Maeda Takuma, Nakagawa Katsura, Murata Kuniko, Kanaumi Yoshiaki, Seguchi Shu, Kawamura Shiori, Kodama Mayumi, Kawai Takeshi, Kakutani Isami, Ohnishi Yoshihiko, Kokame Koichi, Okazaki Hitoshi, Miyata Shigeki
Shigeki Miyata MD, PhD, Division of Transfusion Medicine, National Cerebral and Cardiovascular Center, 5-7-1 Fujishirodai, Suita-city, Osaka 565-8565, Japan, Tel.: +81 6 6833 5012 ext. 2294, Fax: +81 6 6872 8175, E-mail:
Thromb Haemost. 2017 Jan 5;117(1):127-138. doi: 10.1160/TH16-06-0482. Epub 2016 Oct 13.

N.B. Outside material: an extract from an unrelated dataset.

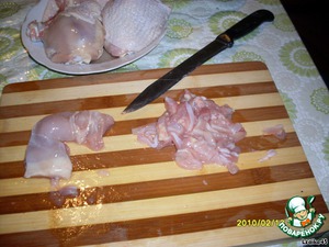 С куриных бедрышек снять кожу, вырезать косточки. (Это пойдет в бульончик.)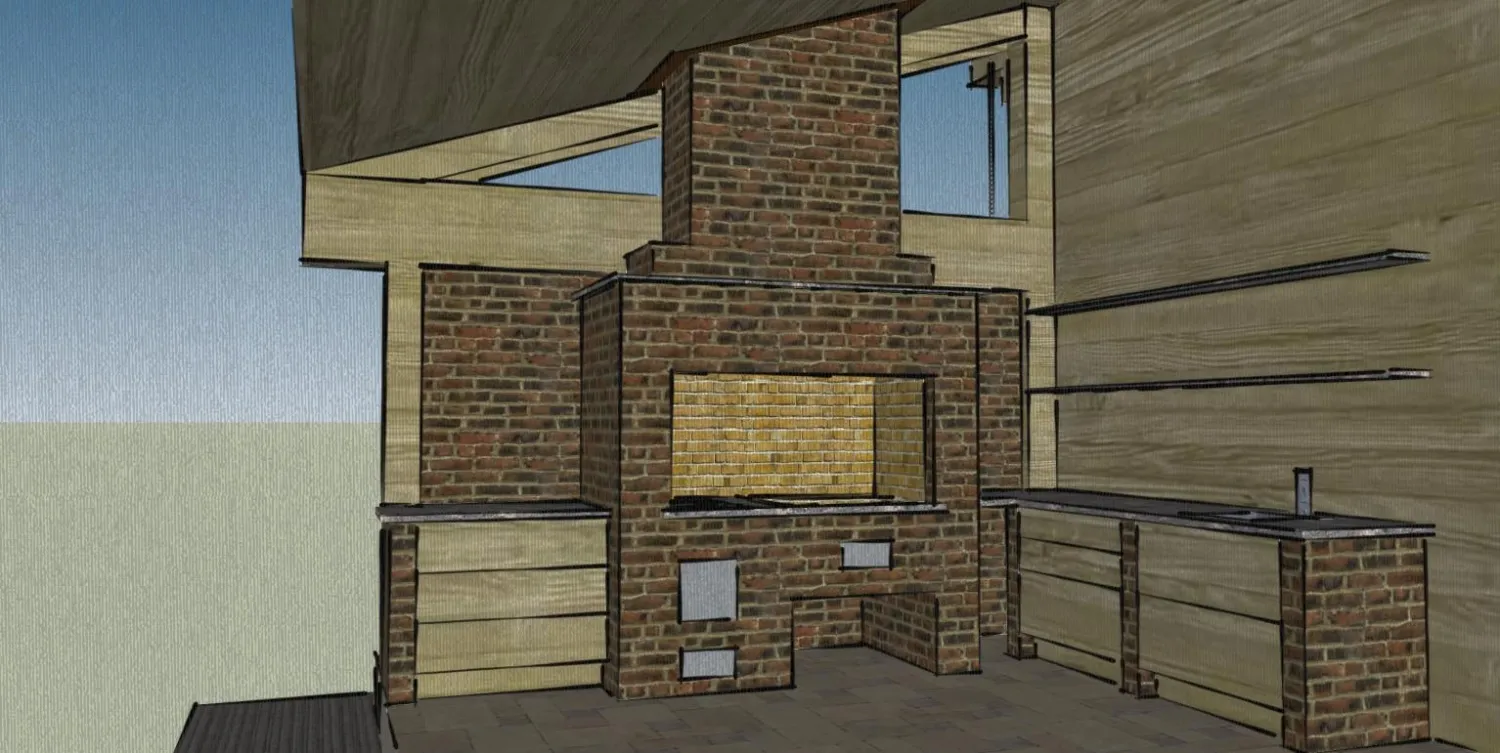 Проект барбекю комплекса углового с мангалом казаном столешницей мойкой

To diagnose heparin-induced thrombocytopenia (HIT), detection of platelet-activating antibodies (HIT antibodies) is crucial. However, serum platelet activation profiles vary across patients and depend on test conditions. We evaluated the association between clinical outcomes and platelet-activating profiles assessed by a platelet microparticle assay (PMA), which detects activation of washed platelets induced by HIT antibodies, in 401 consecutive patients clinically suspected of having HIT. We made modifications to the assay, such as donor selection for washed platelets that increased sensitivity. Serum that activated platelets at a therapeutic (but not high) heparin concentration was defined as positive. Of these, serum that activated platelets within 30 minutes or in the absence of heparin was defined as strongly positive. The remaining samples were considered weakly positive. As a result, 97 % and 93 % of patients who tested strongly and weakly positive had clinical profiles consistent with HIT, respectively. The incidence of thromboembolic events (TEEs) after heparin exposure in patients who tested strongly positive, weakly positive, and negative was 61 %, 40 %, and 29 %, respectively. Among patients who did not experience a TEE on the day HIT was suspected, there was no significant difference in the cumulative incidence of subsequent TEEs between patients who tested strongly and weakly positive when argatroban was initiated on the same day (19.0 % vs 7.1 %, p=0.313), but there was a significant difference when argatroban therapy was delayed by one or more days (61.1 % vs 17.6 %, p=0.007). The modified PMA is effective in diagnosing HIT and identifying patients at high risk for HIT-associated TEEs.
要诊断肝素诱导的血小板减少症(HIT),检测血小板激活抗体(HIT抗体)至关重要。然而,不同患者的血清血小板激活情况各不相同,且取决于检测条件。我们评估了401例临床疑似HIT患者的临床结局与通过血小板微粒分析(PMA)评估的血小板激活情况之间的关联,该分析可检测由HIT抗体诱导的洗涤血小板的激活。我们对该分析进行了改进,例如选择洗涤血小板的供体以提高灵敏度。在治疗性(而非高剂量)肝素浓度下激活血小板的血清被定义为阳性。其中,在30分钟内或无肝素情况下激活血小板的血清被定义为强阳性。其余样本被视为弱阳性。结果,分别有97%和93%的强阳性和弱阳性检测患者具有与HIT一致的临床特征。肝素暴露后,强阳性、弱阳性和阴性检测患者的血栓栓塞事件(TEE)发生率分别为61%、40%和29%。在疑似HIT当天未发生TEE的患者中,当同一天开始使用阿加曲班时,强阳性和弱阳性检测患者后续TEE的累积发生率无显著差异(19.0%对7.1%,p = 0.313),但当阿加曲班治疗延迟一天或更多天时,存在显著差异(61.1%对17.6%,p = 0.007)。改良的PMA在诊断HIT和识别HIT相关TEE高危患者方面有效。